-- TASK INSTRUCTIONS --
Transcribe only the part of the material below that begins at the line containing "CPU | Core Ultra" and ends at the line containing "V zozname, ktorý", with both kept and images left out.

-- PROVIDED INFORMATION --
-*-
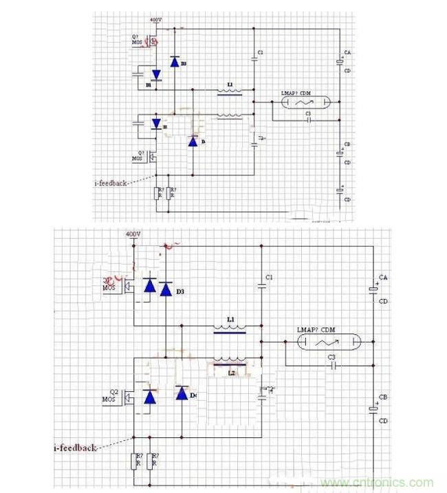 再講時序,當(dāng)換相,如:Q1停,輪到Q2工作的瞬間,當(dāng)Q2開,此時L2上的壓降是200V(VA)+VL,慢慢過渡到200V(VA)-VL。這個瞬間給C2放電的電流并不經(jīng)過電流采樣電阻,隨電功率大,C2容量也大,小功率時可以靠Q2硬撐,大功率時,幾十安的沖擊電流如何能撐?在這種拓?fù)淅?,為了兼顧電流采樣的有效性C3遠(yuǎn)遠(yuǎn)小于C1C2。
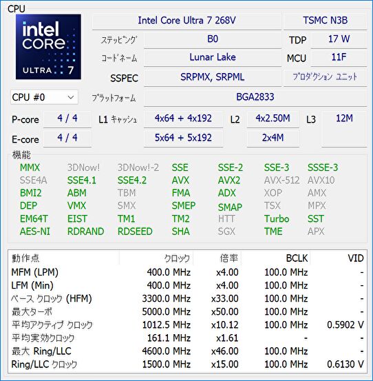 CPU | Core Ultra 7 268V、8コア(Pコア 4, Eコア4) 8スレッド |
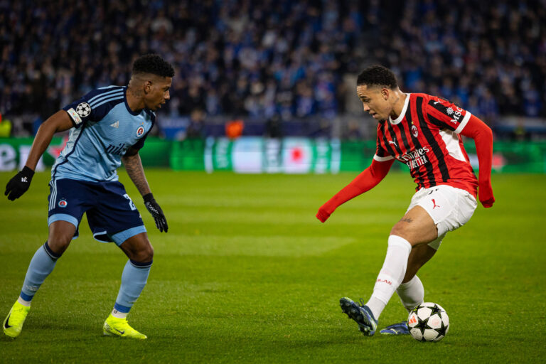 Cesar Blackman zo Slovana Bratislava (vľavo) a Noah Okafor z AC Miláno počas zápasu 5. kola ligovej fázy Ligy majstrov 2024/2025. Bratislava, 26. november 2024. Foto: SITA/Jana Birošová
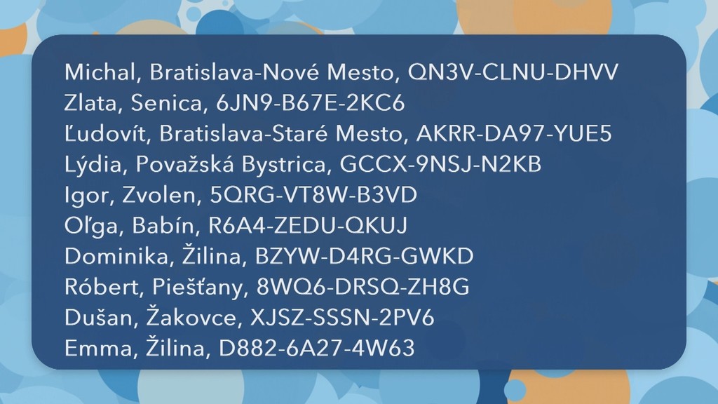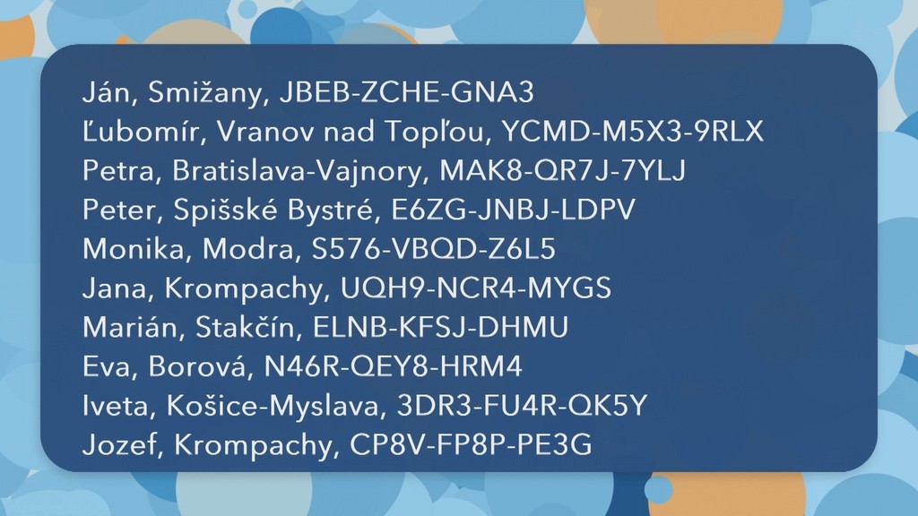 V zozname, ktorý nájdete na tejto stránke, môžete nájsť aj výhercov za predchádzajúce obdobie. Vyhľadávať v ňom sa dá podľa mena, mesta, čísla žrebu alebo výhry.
-*-
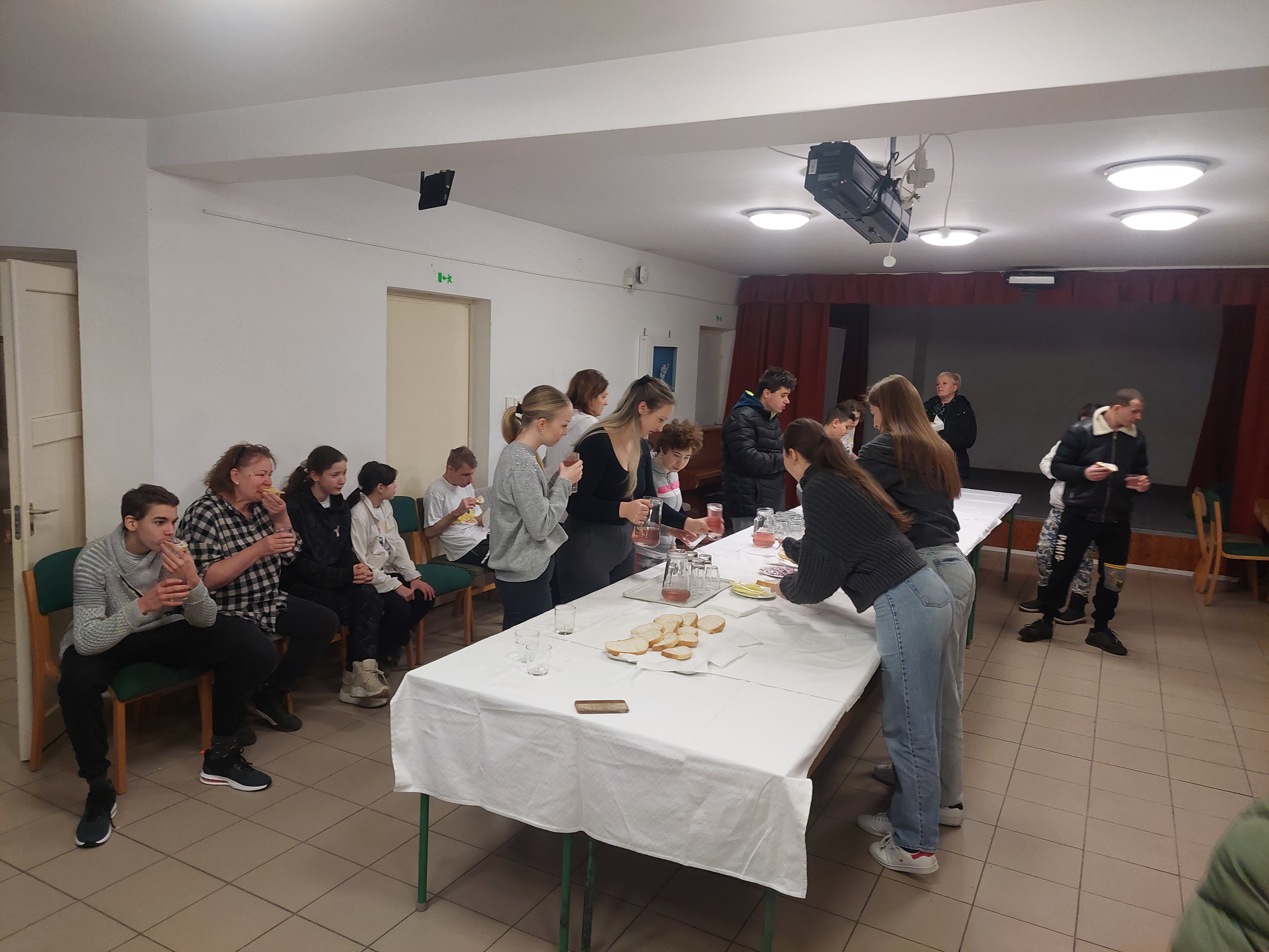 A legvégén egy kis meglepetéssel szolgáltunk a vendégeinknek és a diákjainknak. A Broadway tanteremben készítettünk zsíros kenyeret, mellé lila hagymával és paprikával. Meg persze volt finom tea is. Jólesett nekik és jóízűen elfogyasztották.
-*-
-- REPLY TO THE EXERCISE --
 CPU | Core Ultra 7 268V、8コア(Pコア 4, Eコア4) 8スレッド |
 Cesar Blackman zo Slovana Bratislava (vľavo) a Noah Okafor z AC Miláno počas zápasu 5. kola ligovej fázy Ligy majstrov 2024/2025. Bratislava, 26. november 2024. Foto: SITA/Jana Birošová
 V zozname, ktorý nájdete na tejto stránke, môžete nájsť aj výhercov za predchádzajúce obdobie. Vyhľadávať v ňom sa dá podľa mena, mesta, čísla žrebu alebo výhry.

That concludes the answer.